• [INSTRUCTIONS FOR THE TASK]:
Set out exactly, line by line, the stretch of data below that begins at the line containing "China (cm) 165" and ends at the line containing "The Fourfold Wall", with both ends kept.

• [SOURCE MATERIAL]:
◇ ◇ ◇

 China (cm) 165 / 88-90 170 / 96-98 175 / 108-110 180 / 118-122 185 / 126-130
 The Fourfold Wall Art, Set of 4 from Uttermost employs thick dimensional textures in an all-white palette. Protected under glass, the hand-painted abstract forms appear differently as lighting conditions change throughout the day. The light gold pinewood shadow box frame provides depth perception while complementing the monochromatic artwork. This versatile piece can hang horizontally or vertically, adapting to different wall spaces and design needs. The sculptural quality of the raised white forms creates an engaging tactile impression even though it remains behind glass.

◇ ◇ ◇

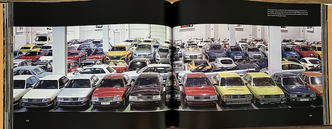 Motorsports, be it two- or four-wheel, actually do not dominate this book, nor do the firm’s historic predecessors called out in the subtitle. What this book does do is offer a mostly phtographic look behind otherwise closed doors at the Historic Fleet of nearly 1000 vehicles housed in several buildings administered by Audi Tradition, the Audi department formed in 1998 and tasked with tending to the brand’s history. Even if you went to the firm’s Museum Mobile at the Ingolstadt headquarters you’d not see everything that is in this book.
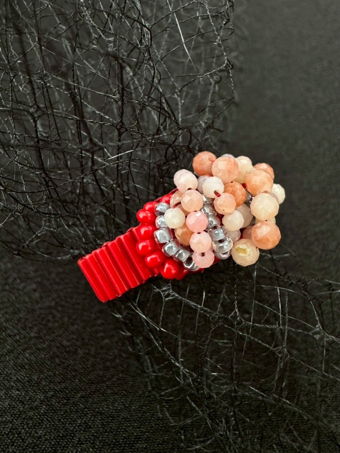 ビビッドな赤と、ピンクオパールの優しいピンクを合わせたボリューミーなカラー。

◇ ◇ ◇

• [RESULT OF THE TASK]:
 China (cm) 165 / 88-90 170 / 96-98 175 / 108-110 180 / 118-122 185 / 126-130
 The Fourfold Wall Art, Set of 4 from Uttermost employs thick dimensional textures in an all-white palette. Protected under glass, the hand-painted abstract forms appear differently as lighting conditions change throughout the day. The light gold pinewood shadow box frame provides depth perception while complementing the monochromatic artwork. This versatile piece can hang horizontally or vertically, adapting to different wall spaces and design needs. The sculptural quality of the raised white forms creates an engaging tactile impression even though it remains behind glass.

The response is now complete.